5. Fitter faster – More efficient results. In my experience both as a trainer and trainee, weight training just speeds up the process. As a gymnast I trained using explosive movements and with only my body weight for resistance and I was super strong. However, I trained for 20 hours a week. That’s almost a full-time job! Weight lifting has helped me to develop a strong body in a quarter of the time.

6. Feel GOOD! – You don’t have to just take my word for it, there are studies (in both the young and elderly) that show the potential psychological benefits of resistance training too, including reduced anxiety, somatisation, depression and hostility.

7. Improved flexibility and yoga practices – Yep! This one was probably unexpected, but it’s one of my favourite reasons to lift weights. The movements within the Vertue Method plan encourage a full range of movement throughout the joints, while still under load. This actually helps to build flexibility and mobility, without losing strength and stability.

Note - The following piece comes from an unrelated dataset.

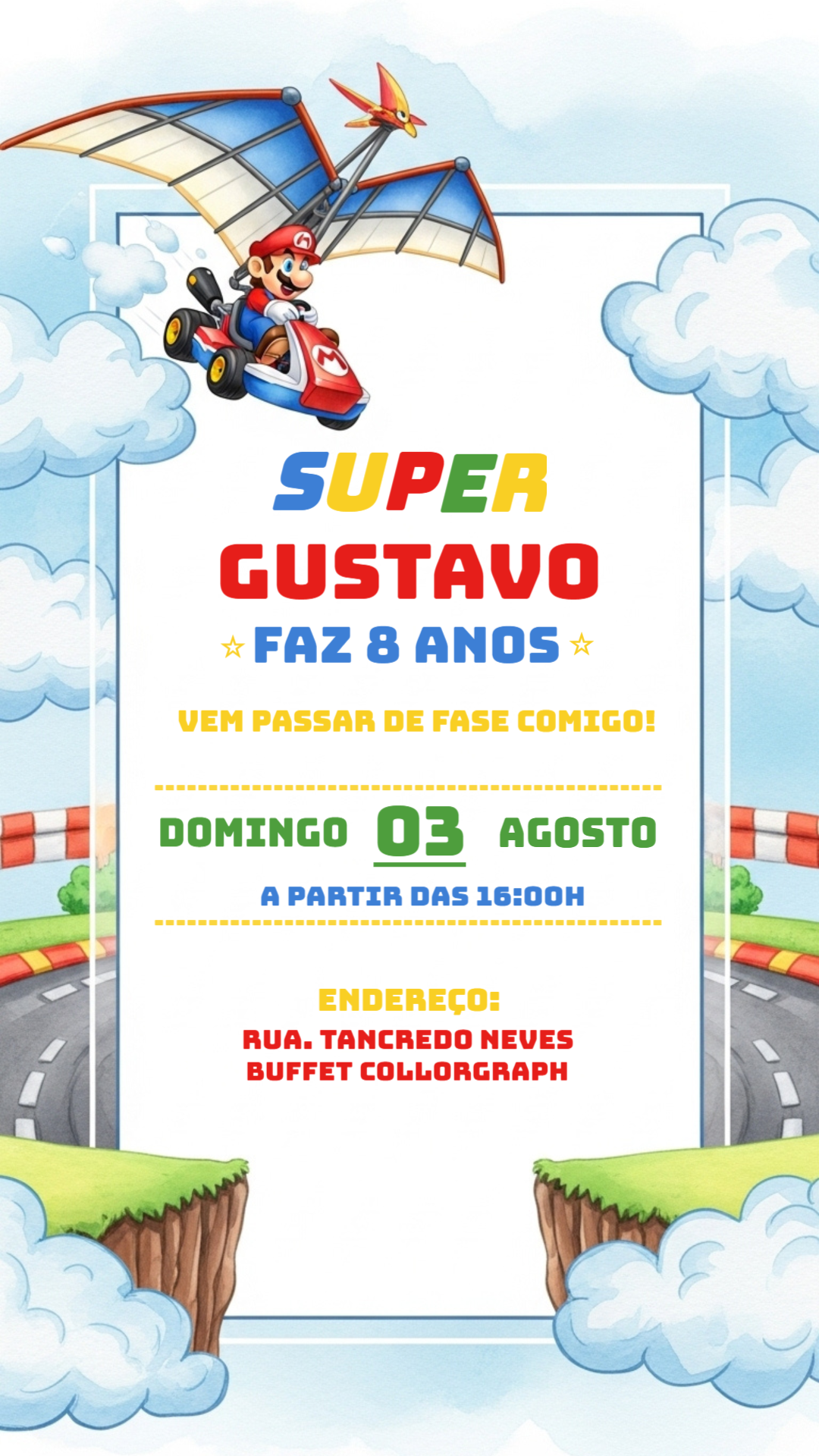 Prepare-se para uma aventura em alta velocidade! Este convite de aniversário digital com o tema Super Mario Kart é perfeito para uma festa cheia de ação e diversão. O design vibrante mostra o Mario voando em seu kart, criando o clima ideal para uma celebração inesquecível. Personalize você mesmo online de forma rápida e fácil! Altere o nome do aniversariante, idade, data, horário e o endereço da festa. Em poucos minutos, seu convite exclusivo está pronto. Após a edição, o download é imediato, permitindo que você envie pelas redes sociais ou imprima para entregar aos seus convidados. Crie um convite incrível e chame todos para passar de fase com você

8. Tone – I’m here to break it to you that when you use the word ‘toning’ you are referring to dropping body fat and increasing muscle mass (slightly). Correct weight training can do both.

9. Healthy goals – We all want to achieve goals and see the results of those goals; it’s one of the most motivating factors of exercising. What I love about weight training is that it can help to shift the focus of your goals towards achieving a skill, rather than just simply ‘looking better’.

We have to accept the reality that, as humans, the way we look is always going to fluctuate and change. Menstrual cycles, work, break-ups, stress, etc. all affect our weight and our appearance. The best thing about focusing your training goals towards a skill is that it’s rarely affected by these events. Gaining a few extra pounds because you’ve been a little stressed at work is not going to affect your motivation to nail that push-up or pull-up. If you focus on lifting a little heavier each week, you will always feel motivated to train because it’s not about how you look, but instead how badass you feel. A weighted dead lift will help you to feel pretty superhero-esque.

10. A better butt – Look, of course there are plenty of ways to develop wonderful glutes, and genetics will often play a part, but I’m going to let you in on a secret. I had the FLATTEST BUTT ever! Nothing, and I mean NOTHING, improved my booty the way that weight training did. The Vertue Method puts a lot of emphasis on developing
and sculpting strong and sexy gluteals – more on that later!